We can see it with STUDENT and HOBBY relations. One student can have one hobby and one hobby can be adopted by many students. Now in this case the hobby can be merged with the student relation. So in this case although redundancy of data would be there, but there would not be any joining of two relations, which will have a better performance.

Partitioning

De-normalization leads to merging different relations, whereas partitioning splits same relation into two. The general aims of data partitioning and placement in database are to

  1. Reduce workload (e.g. data access, communication costs, search space)
  2. Balance workload
  3. Speed up the rate of useful work (e.g. frequently accessed objects in main memory)

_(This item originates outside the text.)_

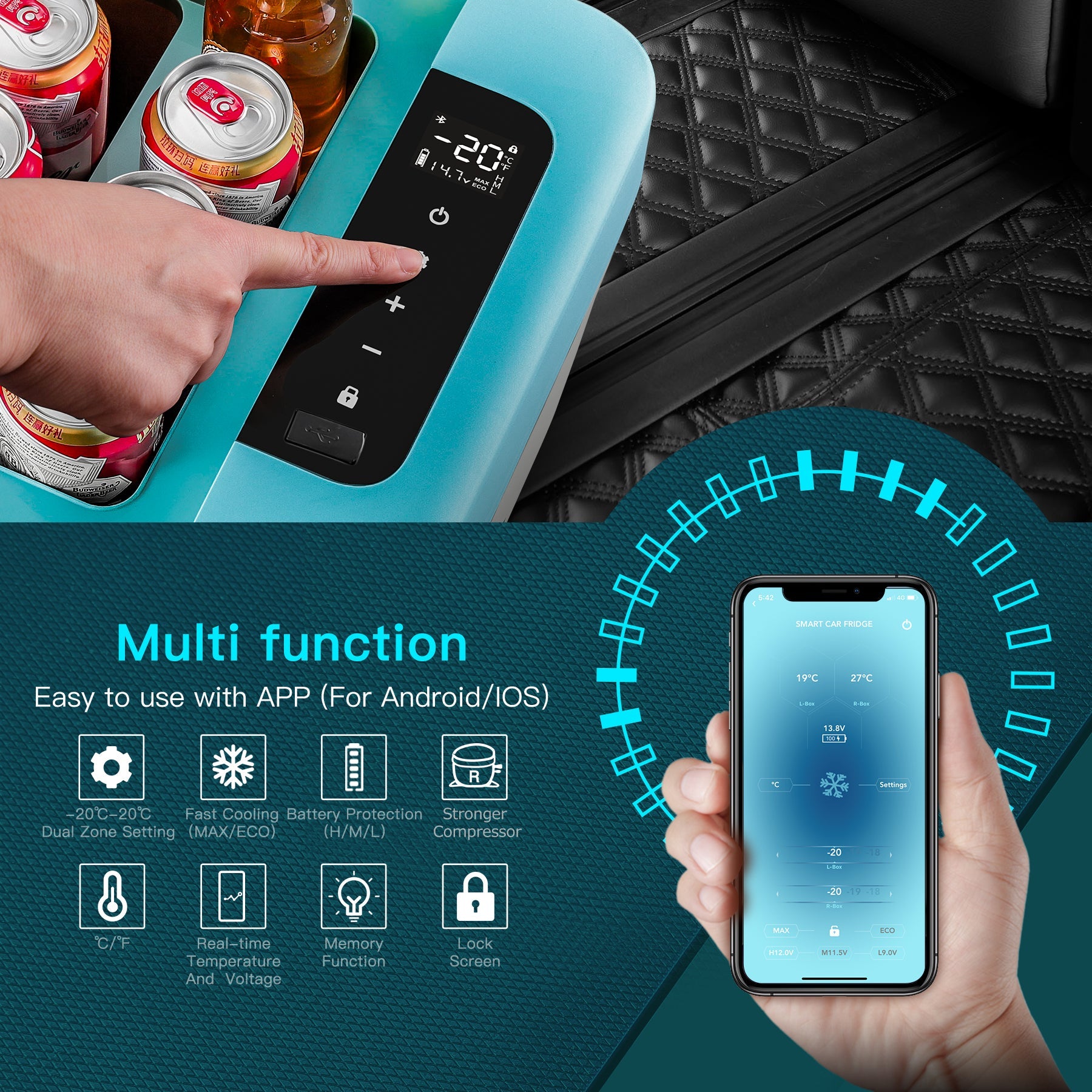 BODEGA cooler 20qt/18L Portable Car Fridge/Freezer K18 Bule - K18-blue-1

There are two types of partitioning:-

Horizontal Partitioning

Vertical Partitioning

Horizontal Partitioning:

Table is split on the basis of rows, which means a larger table is split into smaller tables. Now the advantage of this is that time in accessing the records of a larger table is much more than a smaller table. It also helps in the maintenance of tables, security, authorization and backup. These smaller partitions can also be placed on different disks to reduce disk contention. Some of the types of horizontal partitioning are as under:-

Range Partitioning:

In this type of partitioning range is imposed on any particular attribute. So in this way different partitions are made on the basis of those ranges with the help of select statement. For Example for those students whose ID is from 1-1000 are in partition 1 and so on. This will improve the overall efficiency of the database. In range partition the partitions may become unbalanced. So in this way few partitions may be overloaded.

Hash Partitioning:

It is a type of horizontal partitioning. In this type particular algorithm is applied and DBMS knows that algorithm. So hash partitioning reduces the chances of unbalanced partitions to a large extent.

List Partitioning:

In this type of partitioning the values are specified for every partition. So there is a specified list for all the partitions. So there is no range involved in this rather there is a list of values.

Summary:

De-normalization can lead to improved processing efficiency. The objective is to improve system response time without incurring a prohibitive amount of additional data maintenance requirements. This is especially important for client-server systems. Denormalization requires thorough system testing to prove the effect that denormalized table structures have on processing efficiency. Furthermore, unseen ad hoc data queries may be adversely affected by denormalized table structures. Denormalization must be accomplished in conjunction with a detailed analysis of the tables required to support various end-user views of the database. This analysis must include the identification of primary and secondary access paths to data. Similarly before carrying out partitioning of the table thorough analysis of the relations is must.

Exercise:

Critically examine the tables drawn for Examination system and see if there is a requirement of denormalization and partitioning and then carry out the process.